А она: "Нет, дедушко, правда! Через то и мучается, и пьет через то! И так-то напивается браги своей, так-то напивается, хуже как с водки, и рвет его аж черной желчью, а все не бросит! Не могу больше! Если не вернусь к матери, не обскажу ей все, – сгину тут и дитя мое сгинет... Но я не бегу. Сказала ему. “Ладно!” – и денег дал. А провожать, грит, не пойду, сама как знашь! Смолчала, что в тягости я..."

Н-ну, дела-а! Проводил, перекрестил, в самолет посадил. Вертаюсь в общагу. Нашел его.

"Че, правда, че ли?"

Посмотрел так. Правда, грит.

"Заставляли че ли?"

"Нет, сам..."

"Тады плохо дело. Отпуск щас у тебя. Ты на материке по церквам походи. Попa себе высмотри. Да не абы какого, а какой глянется, молодой ли старый. Исповедуйся. Надоть, чтоб Бог простил. Таку-то тяжесть нельзя на душе носить. Навовсе свихнуться можно. Ишо ребята не знают. С тобой никто ни ись-пить, не станет, ни рядом не сядет!"

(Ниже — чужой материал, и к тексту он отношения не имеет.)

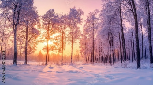 A snow-covered forest with frost-covered trees and a peaceful winter sky, capturing the beauty of winter nature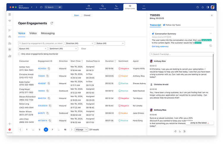 يتضمن Zoom Contact Center ميزة AI Companion لمركز الاتصال بشكل مسبق ومجاني. وتشمل الإمكانات الإضافية الفورية المتوفرة مع AI Expert Assist استرجاع أفضل الاستجابات واقتراحها بذكاء من مجموعة منسقة من قواعد المعرفة وأنظمة إدارة علاقات العملاء (CRM) وأنظمة السجلات الأخرى. وبذلك سيتمكن المسؤولون المشرفون من إدارة عمليّات الوكلاء بشكل أفضل، ومن اتخاذ قرارات مبنيّة أكثر على معلومات قيّمة، عن طريق استعمال AI Companion الخاص بمركز الاتصال، والذي سيؤمّن مراقبة في الوقت الفعلي للتفاعلات المباشرة، على أن تطال هذه المراقبة مشاعر العملاء وملخصات بشأن المشاركة والتفاعل ضمن لوحة معلومات واحدة، الأمر الذي يسهل تحديد أي من المشاركات والتفاعلات تستوجب أن تحظى باهتمامهم.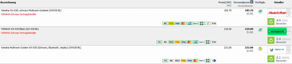 Bei MediaMarkt gibt es gerade die YAMAHA MusicCast WX-030 in Schwarz für 185.70 CHF.

Ладно. Возвертается это он с отпуску – никакой бабы, гляжу, с ним рядом нету, да и от меня нос воротит. Ну – молчу.

А об начало сезона заехал к нему.

"Да ты ходил ли к попу-то?"

"А ну их, грит, долгогривых! Разве обскажешь кому, что в душе у меня?"

"Да поп-то, грю, ни при чем, только посредник он, надоть, чтоб Создатель простил грех твой!"

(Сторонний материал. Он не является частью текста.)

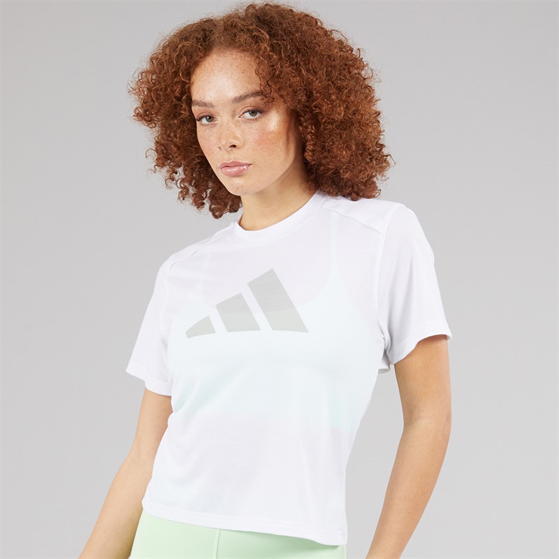 - adidas short sleeve t-shirt. You've got big goals, and this adidas training tee helps you achieve them. Hidden racerback construction adds ventilation so you can feel confident in your strength as you work towards your max lifts. AEROREADY wicks moisture away to keep you dry through every rep. A bold logo reflects your dedication to personal progress. This product is made with at least 70% recycled materials. By reusing materials that have already been created, we help to reduce waste and our reliance on finite resources and reduce the footprint of the products we make. IT2170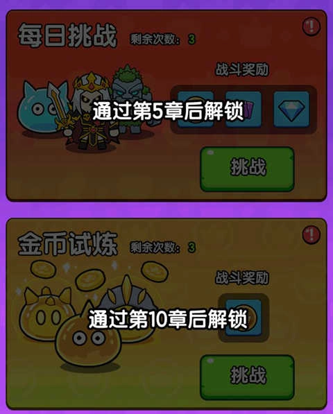 6、此外,游戏内还有每日挑战和金币试炼两大副本关卡可以解锁,玩家分别需要通过第五和第十章才能解锁。

Крепко я тады осерчал. Ну на глазах пропадат человек, а лекарства сам не хочет! Не желат! Хотел брагу его вылить и параты эти гнутые заломать, а он: "Не трожь! Ты мне, дед, как родной, но тута я хозяин!" Мало мы друг друга за грудки не взяли! Плюнул я да пошел...

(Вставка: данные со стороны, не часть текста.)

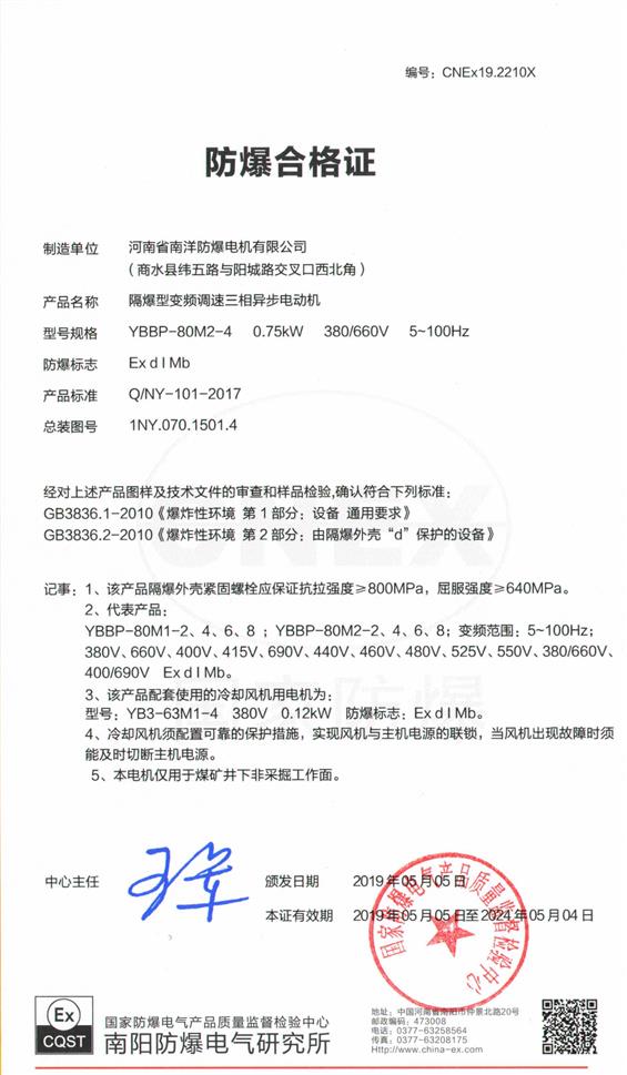 YBBP系列隔爆型變頻調速三相異步電動機,是我公司根據市場需求而開發的新產品,與變頻器配合使用,可以實現較寬范圍內平滑無級調速,調速范圍、動態響應、調速精度、低頻轉矩、轉差補償、功率因數、效率等方面均有很大的優越性,是滿足煤炭、石油、化工等有爆炸性氣體混合物電動機防爆性能符合GB3868.1-2010《爆炸性環境 第1部分:設備通用要求》和GB3868.2-2010《爆炸性環境 第2部分:由隔爆外殼“d”保護的設備》的規定。

Потом, кады охолонули оба, уговорил я его все жа ко мне на зиму. На глазах, думаю, будет, одному сейчас ему никак нельзя. Приезжаю с путику, – это на собаках-то сутки, пристал маненько, – гляжу – у него по новой брага и веселый уже! Ну – повздорили мало. Он – карабин и бежать! Выхожу с двери – на валуне сидит и с правой ноги валенок на снегу... Не подходи, кричит, деда, не мешай, устал, не седни, так завтра! Побежал я, думал, успею ногой по стволу-то... А старый, не успел...

Маркел Мелентьич тяжело вздыхает и ворошит кочергой угли.

– А что, – спрашиваю, – было у них с Федькой Лутохиным? Стрелялись что ли?

– Ну. Пили-пили, да задрались. Артем – карабин! Я тот раз успел-таки по стволу шваброй. Пуля – в кушетку. Плашмя пошла, ваты накрутила, сбоку дыра в кулак... Пыли было, да чиху! И кто ее придумал, водку эту? навовсе дуреют с нее мужики...

Стукнула дверь. Зашли еще охотники, заговорили. Мелентьич встал, прошел к плите, поставил на огонь остывший чайник. Я попрощался и тихо вышел.

На небе светилось сияние. Но не веселая зеленая лента, не фиолетово-белое пламя и не длинные синие стрелы.

Близ зенита будто раздавили громадную вишню. Густой сок стекал по стылой синеве на запад, капал с ясных звездочек на дальний берег, на черный лес, на багровый жар полярного заката.